Sister Marie Rose Messingschlager Master of Education in remedial reading, 1973 Director of Indian Ministry, Diocese of Duluth, Minn.
Sacred Circle | Sister Rose believes Native American spirituality and Catholicism have many similarities, as represented by the Native American Sacred Circle. “It has no beginning and no end. All of God’s creations are on the circle—the plant world, the animal world, humans, rocks. We owe it respect. There are no hierarchical points on the circle. No one is ahead of anybody else.”
Farm Girl | Growing up on a small farm in Independence, Ky., seasoned her for her life’s vocation as a missionary to Native Americans. Since earning a master’s in pastoral missiology at the Pontifical Gregorian University in Rome, she’s been living with, teaching and serving the residents of reservations in New Mexico, South Dakota and Minnesota.

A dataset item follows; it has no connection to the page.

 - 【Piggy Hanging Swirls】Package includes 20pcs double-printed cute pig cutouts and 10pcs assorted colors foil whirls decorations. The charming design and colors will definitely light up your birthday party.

Soft Spot | Her parents first taught her about how the Indians were mistreated. Most of her college research papers were about Indians. She loved their spirituality and their identification with animals, such as the owl and eagle, still the sacred bird because it soars the highest and takes their prayers to God.

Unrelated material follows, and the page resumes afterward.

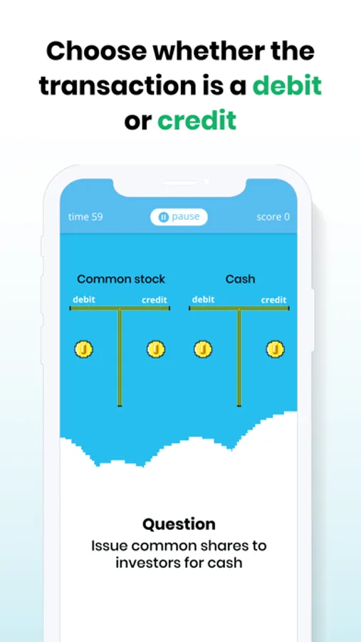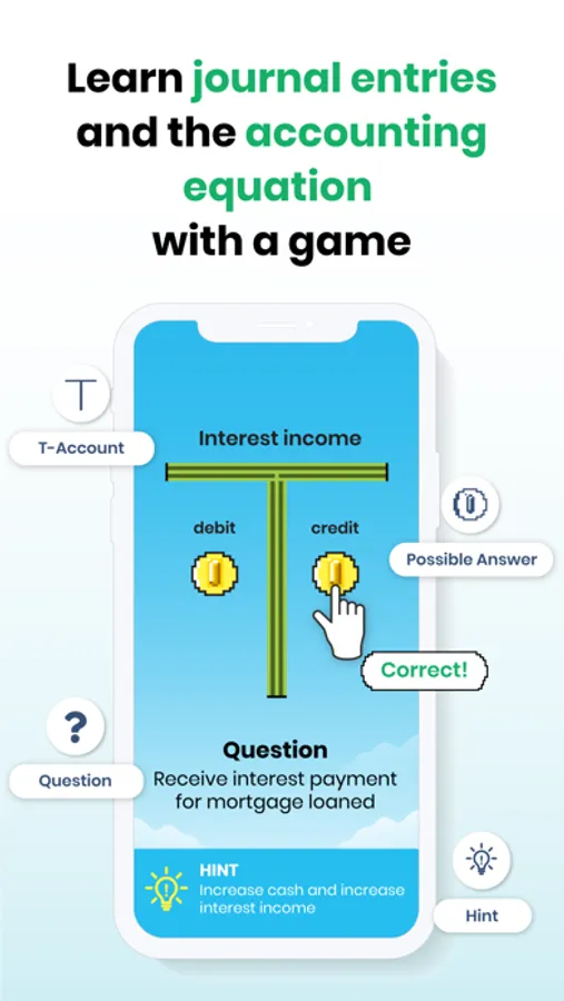 Accounting Play - Debits & Credits teaches the accounting equation with an iPhone & iPad game. Debit and Credit coins to learn, study, basic accounting and training. Play against the world as you learn. Study materials to learn the equation, debits & credits, journal entries, and accounting theory is included for free. Whether you are studying for the CPA exam or taking your first accounting course, Accounting Play will help you learn in a fast and fun way.

Divine Calling | “My sister was already in the convent, and I fought that voice inside me to follow her, but when I was in college, one Easter, it just hit. My interest was in helping people, and this just seemed the natural thing to do.”
Native Ways | After becoming a teacher and principal in Kentucky, Sister Rose worked summers with the Navajo. She asked to go full-time. “I wanted to learn more about them and their simple lifestyle, which was like my farm girl-ness and closeness to nature and seeing God in all of creation.”
Wounded Hearts | The saddest place for her was Wounded Knee on the Pine Ridge Lakota Sioux reservation. She was there nine years. “The little village is trying to rebound since the occupancy movement of the early 1970s. There isn’t much there.”
Go East | In 1993, the Duluth diocese hired her to start a department of Indian ministry. She oversees the Catholic ministry for the Anishinabe tribe on five reservations spread across 22,354 square miles. Anishinabe simply means “The People.”
The People | “It was an area of fur traders and trappers and the iron range, so there was a lot of intermarrying. So when I do education about Indian culture and show symbols of their culture and Catholicism, I see we’re more alike than different.”
Closure | Sister Rose helps the priests and organizes educational programs and lay ministries. A favorite project was creating Kateri prayer circles named after the Mohawk woman now blessed in the church. “I’ve received more from our Indians than I’ve given them. The gift is tying it all together. I’ve left a piece of my heart in each place.”